Records drawn from a dataset

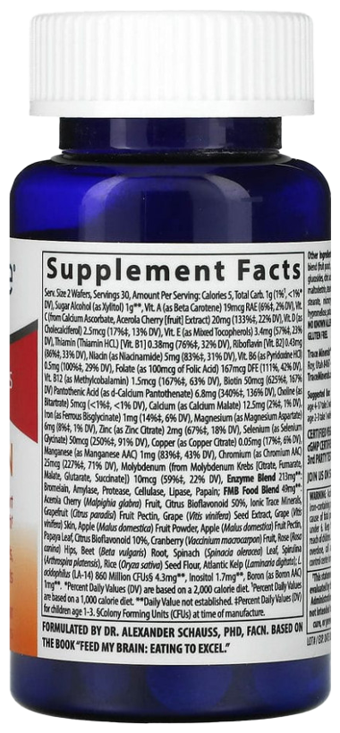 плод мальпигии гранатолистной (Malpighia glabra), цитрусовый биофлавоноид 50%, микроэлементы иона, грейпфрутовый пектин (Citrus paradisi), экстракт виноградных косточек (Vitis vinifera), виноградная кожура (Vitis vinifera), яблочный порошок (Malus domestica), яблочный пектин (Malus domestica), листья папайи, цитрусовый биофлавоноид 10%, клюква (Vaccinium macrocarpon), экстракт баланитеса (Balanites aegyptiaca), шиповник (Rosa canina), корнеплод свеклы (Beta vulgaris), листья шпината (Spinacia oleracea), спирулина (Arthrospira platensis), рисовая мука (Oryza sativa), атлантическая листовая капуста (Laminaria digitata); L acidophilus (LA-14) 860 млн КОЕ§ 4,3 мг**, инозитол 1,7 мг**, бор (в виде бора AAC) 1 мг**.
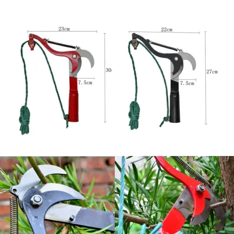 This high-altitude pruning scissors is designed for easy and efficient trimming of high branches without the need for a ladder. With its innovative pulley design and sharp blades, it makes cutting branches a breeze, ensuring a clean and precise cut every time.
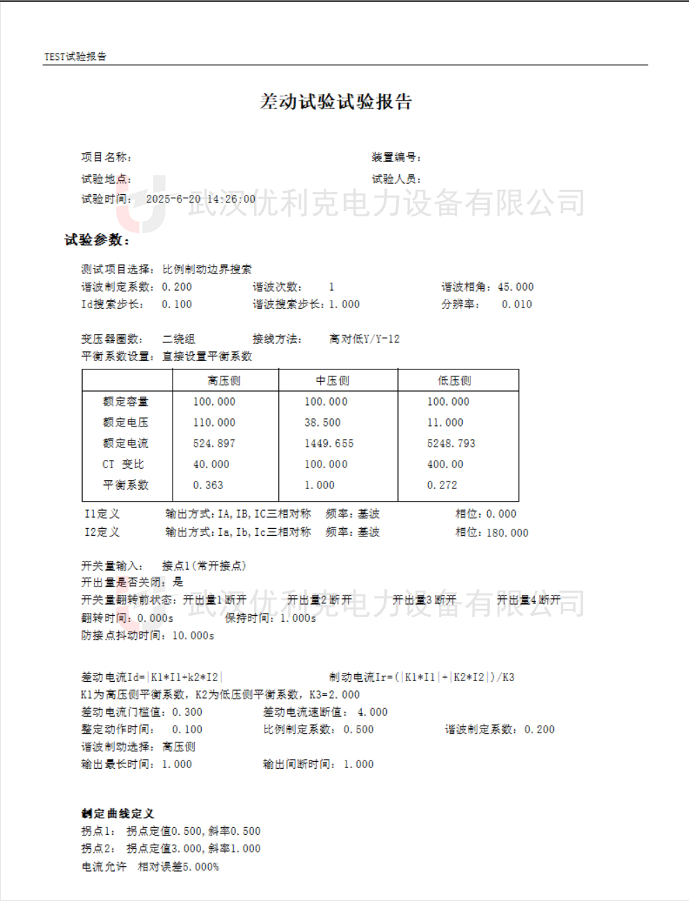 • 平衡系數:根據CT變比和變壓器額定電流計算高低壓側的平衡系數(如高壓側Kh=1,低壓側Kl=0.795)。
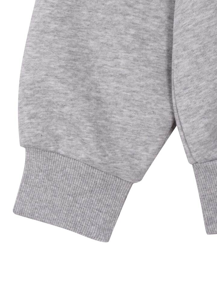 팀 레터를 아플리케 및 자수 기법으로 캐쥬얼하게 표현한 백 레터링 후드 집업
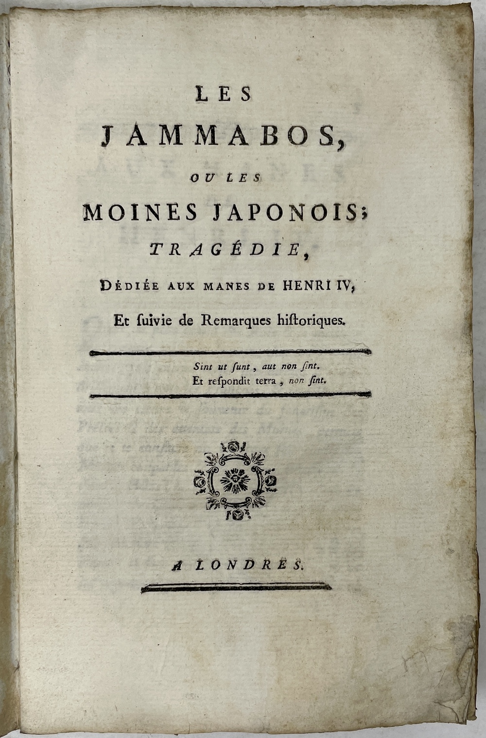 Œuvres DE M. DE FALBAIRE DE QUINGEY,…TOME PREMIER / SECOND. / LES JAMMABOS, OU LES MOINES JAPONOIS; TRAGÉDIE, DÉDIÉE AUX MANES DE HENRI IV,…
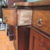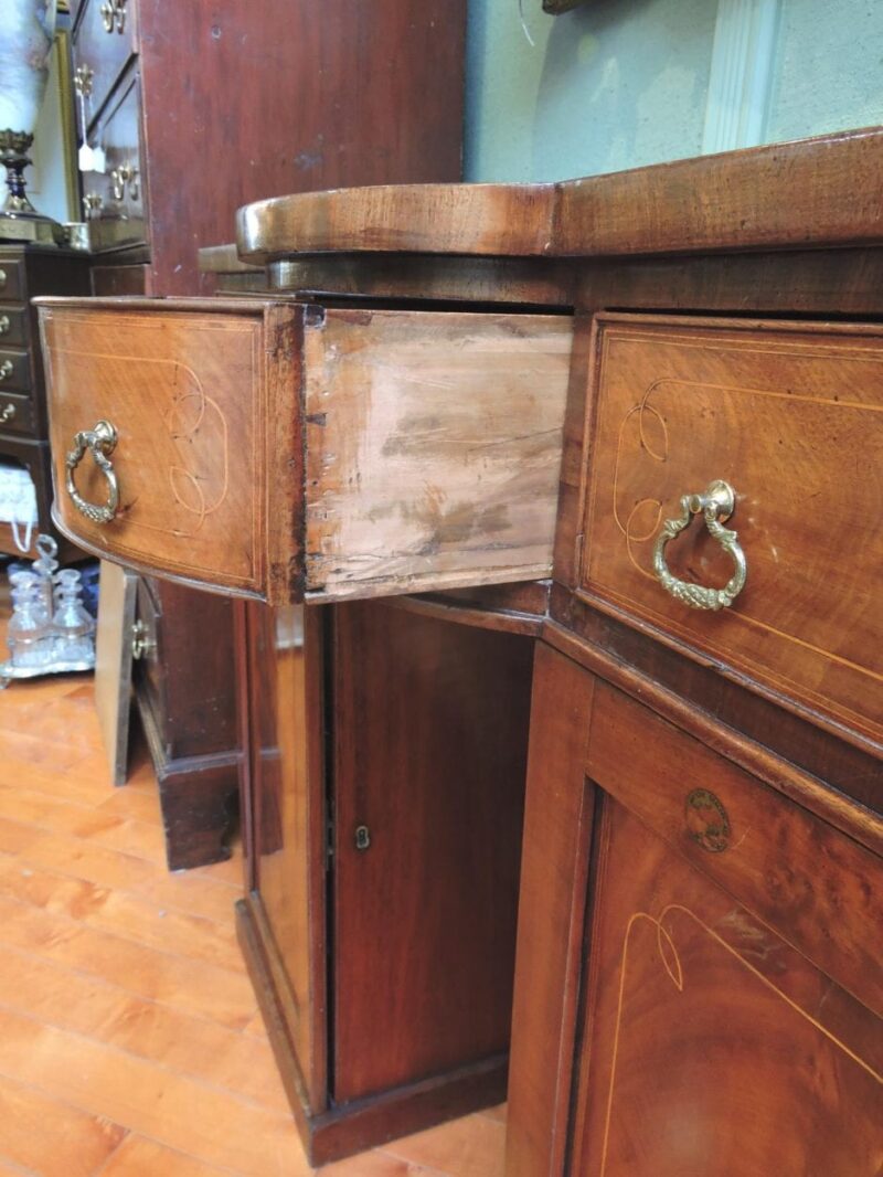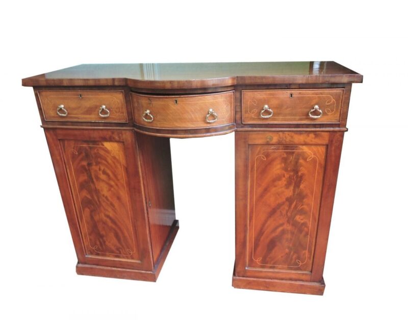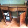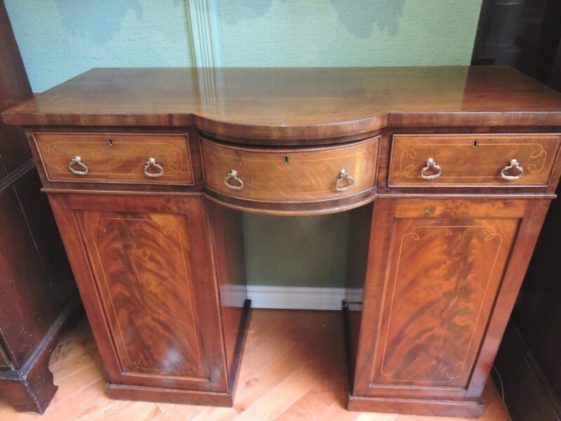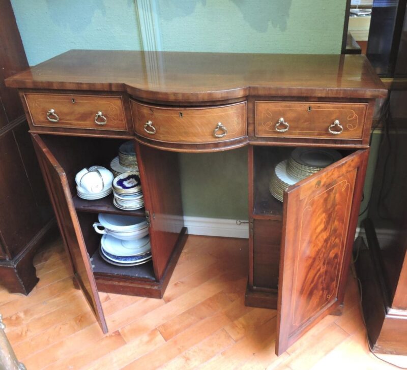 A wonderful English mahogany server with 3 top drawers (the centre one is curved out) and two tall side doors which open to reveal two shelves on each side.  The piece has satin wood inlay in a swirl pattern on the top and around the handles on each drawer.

ACTIVITY: For the data above, return an exact copy that contains no pictures.

ANSWER BOX:
 плод мальпигии гранатолистной (Malpighia glabra), цитрусовый биофлавоноид 50%, микроэлементы иона, грейпфрутовый пектин (Citrus paradisi), экстракт виноградных косточек (Vitis vinifera), виноградная кожура (Vitis vinifera), яблочный порошок (Malus domestica), яблочный пектин (Malus domestica), листья папайи, цитрусовый биофлавоноид 10%, клюква (Vaccinium macrocarpon), экстракт баланитеса (Balanites aegyptiaca), шиповник (Rosa canina), корнеплод свеклы (Beta vulgaris), листья шпината (Spinacia oleracea), спирулина (Arthrospira platensis), рисовая мука (Oryza sativa), атлантическая листовая капуста (Laminaria digitata); L acidophilus (LA-14) 860 млн КОЕ§ 4,3 мг**, инозитол 1,7 мг**, бор (в виде бора AAC) 1 мг**.
 This high-altitude pruning scissors is designed for easy and efficient trimming of high branches without the need for a ladder. With its innovative pulley design and sharp blades, it makes cutting branches a breeze, ensuring a clean and precise cut every time.
 • 平衡系數:根據CT變比和變壓器額定電流計算高低壓側的平衡系數(如高壓側Kh=1,低壓側Kl=0.795)。
 팀 레터를 아플리케 및 자수 기법으로 캐쥬얼하게 표현한 백 레터링 후드 집업
 Œuvres DE M. DE FALBAIRE DE QUINGEY,…TOME PREMIER / SECOND. / LES JAMMABOS, OU LES MOINES JAPONOIS; TRAGÉDIE, DÉDIÉE AUX MANES DE HENRI IV,…
 A wonderful English mahogany server with 3 top drawers (the centre one is curved out) and two tall side doors which open to reveal two shelves on each side.  The piece has satin wood inlay in a swirl pattern on the top and around the handles on each drawer.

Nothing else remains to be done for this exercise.